We applied our optimization for level walking where the input for motion is the knee joint average angular data. The timing of the harvesting algorithm was based on mapping the average knee joint angle profile to the average negative power profile. In a previous experiment, we found significant variation between subjects with regard to the start and end times of the phases where the knee was performing negative work (Shkedy Rabani et al., 2022). Thus, to avoid applying an incorrect torque profile during the gait (i.e., one that would lead to harvesting during positive power phases), the harvesting started at one standard deviation after our algorithm detected the start of the negative phase and ended at one standard deviation before the end of the negative phase.

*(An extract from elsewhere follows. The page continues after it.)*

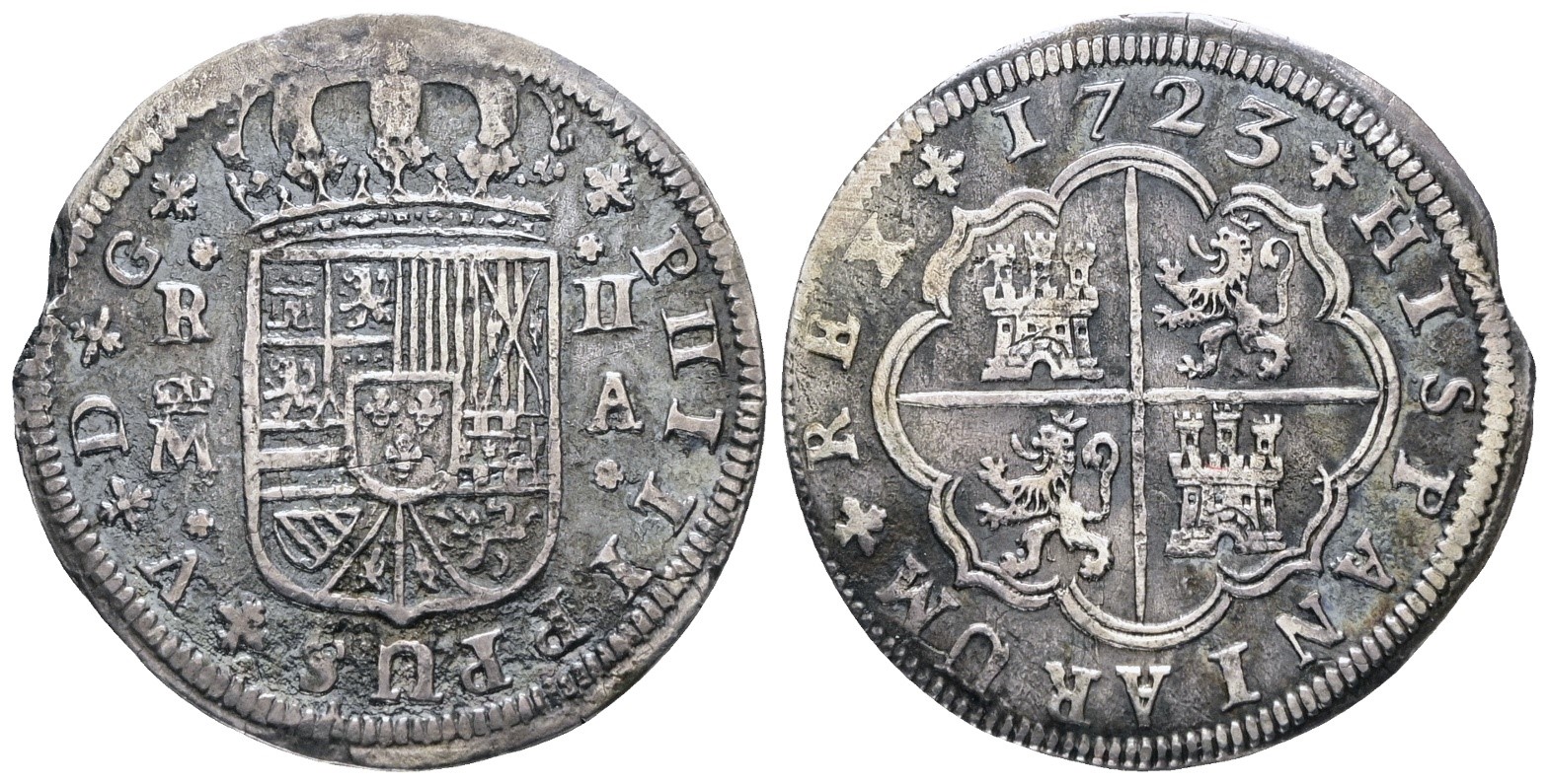 SPAGNA. MADRID. Filippo V di Borbone (1700-1746). 2 reales 1725. Ag; 6gr; KM 296; BB

The optimization was solved using an in-house algorithm that is based on a grid search of the discretized parameter space. The optimization parameters are the electrical current through the generator (vector of 100 data points, where each point can be assigned a value from 0 to 10 A), the gear ratio (from 50 to 512 in steps of 1), and the motor (e.g., rotor inertia, torque constant, terminal resistance, nominal maximum current, speed constant, and mass). The algorithm was implemented in Matlab (MathWorks, Natick, MA, United States) and is represented in Figure 3.

FIGURE 3

To demonstrate our optimization algorithm, we tested 11 different DC brushless motors that, according to our engineering judgment as well as the experience of others (Donelan et al., 2008), (Shepertycky and Li, 2015), could be good candidates. Thus, we tested motors from (Donelan et al., 2008) and other motors that met the following criteria: mass of less than 250 g, electrical power ranging from 10 to 100 W, and voltage ranging from 10 to 60 V (our system could not function with a higher input voltage). This framework could be used by developers of other devices to test different motors and find the best motor for their application. For convenience, all motors were manufactured by Maxon (Sachseln, Switzerland). They differed in their mechanical and electrical characteristics, as shown in Table 1.

TABLE 1

Motor no.Diameter [mm]Width [mm]MOI [gcm^2]Weight [g]Speed constant [rpm/v]Torque constant [mNm/A]Internal resistance [Ω]
3232182248.55.54125680140.53
3277392248.55.541251456613.50
3232172248.55.5412590710.50.32
313320402610.517056516.90.52
339244403624.224030331.50.81
339243403624.224057216.70.37
3392854512.813511038025.10.41
2516014512.813511028533.50.98
3392874512.8135110951017.41
339241402610.517010708.950.25
3392864512.813511020147.52.77

Motors’ mechanical and electrical specifications.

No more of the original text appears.